Al di là degli altri si svolgono altre due fasi della narrazione:

- il suonatore di viola allude alla danza dei sette veli;


- in fondo a sinistra il servitore mostra il vassoio con la testa mozzata anche a Erodiade.

David

La data esatta di realizzazione di questa statua non ci è nota. Sappiamo però che Donatello fu
commissionata da Cosimo de’ Medici attorno al 1437.

La scultura è una fusione a cera persa di grandezza quasi naturale. Tornita e rifinita dal cesello. Pensata
per la vista frontale e posteriore e persino per quella dal basso.
Si tratta della prima statua a tuttotondo dopo oltre un millennio che raffiguri un nudo virile.

Esistono due interpretazione per questa scultura:

- David intendo a celebrare la sua vittoria contro il gigante Golia, il piede che calpesta la testa mozzata
del gigante;

- il dio Hermes che osserva la testa mozzata di Argo, il gigante dai cento occhi (questa interpretazione
nasce per via dell’insolito copricapo e dei calzari che presenta la scultura).
Donatello conferisce alla figura un’espressione naturale e pensierosa, con la testa lievemente inclinata
verso il basso, mentre il corpo è piegato in una posa innaturale, derivata dalla scultura policletea.

Donatello si fa uso della luce per la maggiore modellazione del corpo. La luce infatti sottolinea le curve
del corpo, mettendo in ombra i suoi piedi e la testa del gigante. Tutto ciò dà alla statua una grande
naturalezza.

Masaccio
Masaccio naque a Castel San Giovanni in Altura nel 1401. Viene descritto come una persona sempre
molto assorbito nelle sue opere e nelle proprie attività creative che si disinteressava completamente per
tutto il resto.

Su questo artista non si conoscono molte notizie biografiche, si sa solo che suo padre morì e in seguito
si trasferì a Firenze con sua madre e i suoi fratelli, dove avvenne la sua formazione artistica.

Riallacciandosi a Giotto e ai suoi seguaci, Masaccio concepisce una pittura del tutto nuova e diventa il
terzo punto di riferimento per la rivoluzione artistica di quest’epoca.

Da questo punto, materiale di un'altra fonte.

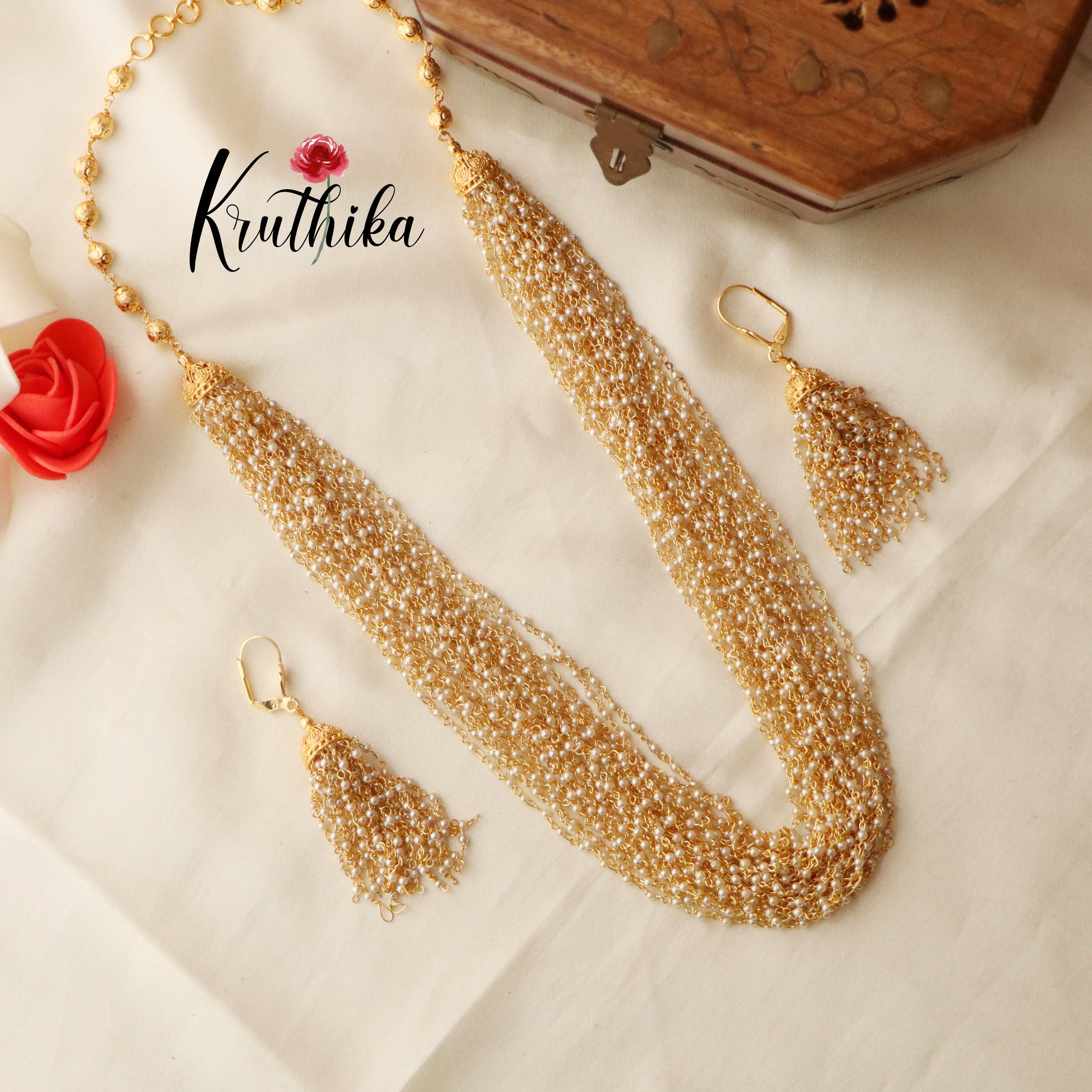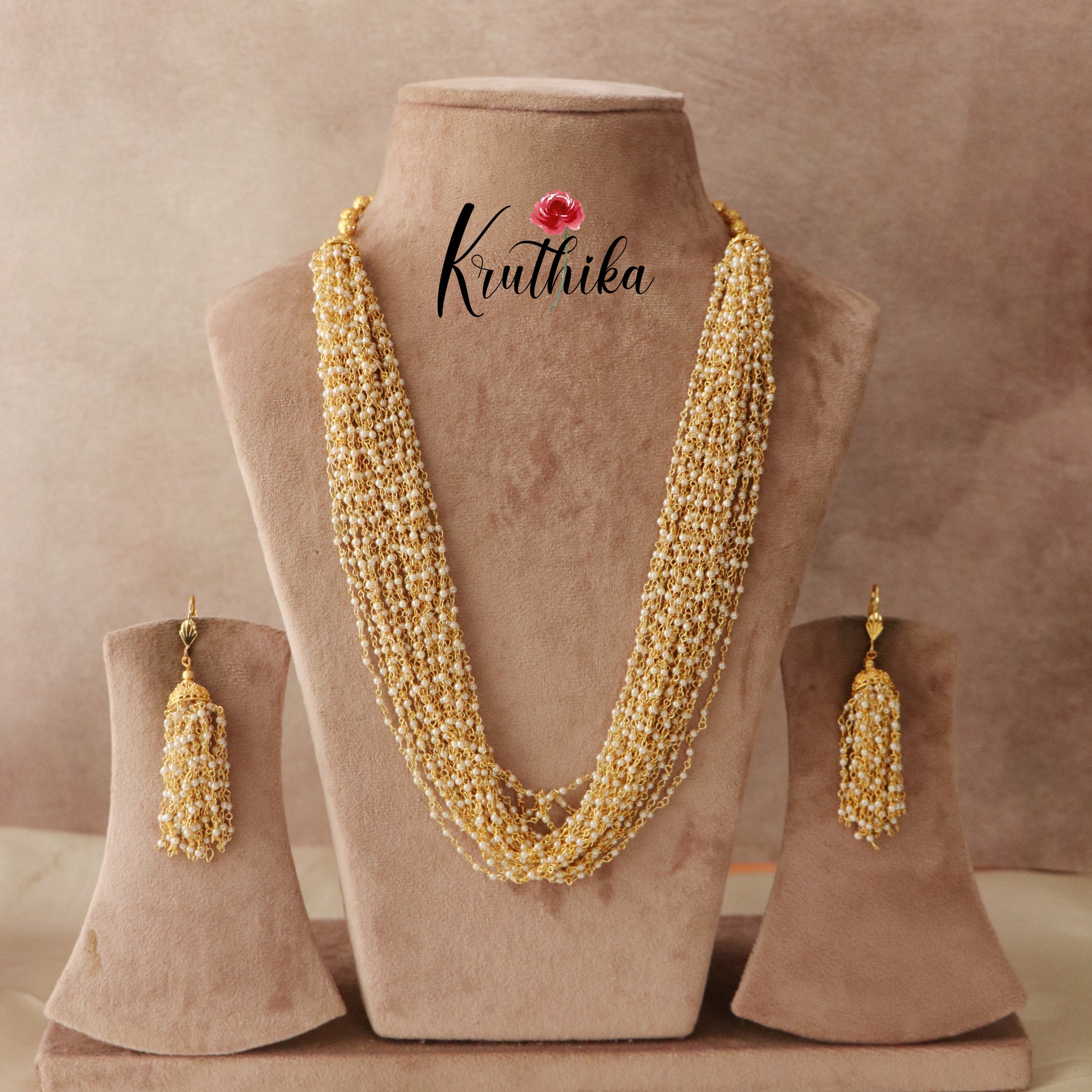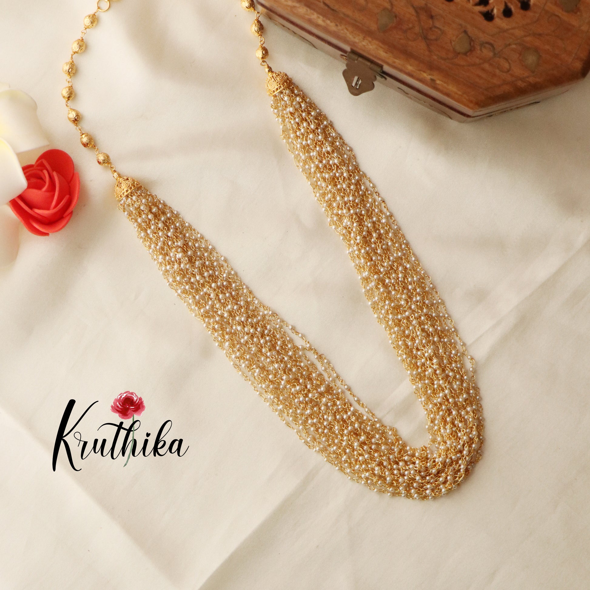 Enhance your style with our stunning, Multi lines Pearls maala . Crafted with high-quality stones & beads, this set combines timeless elegance with a modern touch. Ideal for special occasions or adding a touch of glamour to your look.

Masaccio compii diversi viaggi a Pisa e infine anche a Roma dove morì inaspettatamente a 27 anni.

Sant’Anna Metterza

Nonostante la sua vita corta, Masaccio completa molte opere, sia a tempera su tela, sia as affresco.

Sant’Anna Metterza nasce come collaborazione tra Masaccio e Masolino. Si tratta di una pala d’altare
commissionata per la chiesa di Sant’Ambrogio.

Tre angeli reggono un prezioso drappo sulla spalliera del trono. Il drappo è fatto di una stoffa prodotta
esclusivamente dai Bonamici, la famiglia che ha commissionato il quadro. Quindi si tratterebbe quasi
di una promozione pubblicitaria.
Sul trono è seduta la Madonna con in grembo il bambino. Sant’Anna, la madre di Maria, è in piedi
dietro di loro. Ai lati del trono stanno altri due angeli.

Maria, dipinta da Masaccio, è una figura massiccia e sicura al centro dell’opera. Le poche pieghe
semplici del vestito fanno pensare alla naturalezza del Rinascimento.

Grazie alla technica del chiaro scuro, i personaggi di Masaccio tendono ad occupare un volume
proprio, e quindi uno spazio invece di una superficie.

Cacciata dal Paradiso Terrestre

Questo affresco, presente nel secondo registro del pilastro di sinistra dell’arco di accesso della cappella
Brancacci, raffigura Adamo ed Eva nel momento in cui l’angelo di Dio li caccia dall’Eden.
I personaggi sono raffigurati nudi, con volumetrie massicce ma naturali e realistiche grazie all’uso del
chiaroscuro.

Hanno appena varcato la porta del Paradiso Terrestre e piangono disperati dalla vergogna, adamo si
copre il volto mentre quello di Eva è aperto in un’espressione di dolore. Si copre il seno e il pube, una
posa ispirata alla tipologia di scultura Venus pudica.

Lo sfondo è brullo, per evidenziare le figure in primo piano ma anche per ricordare ai personaggi e
all’osservatore cosa si sono lasciati dietro.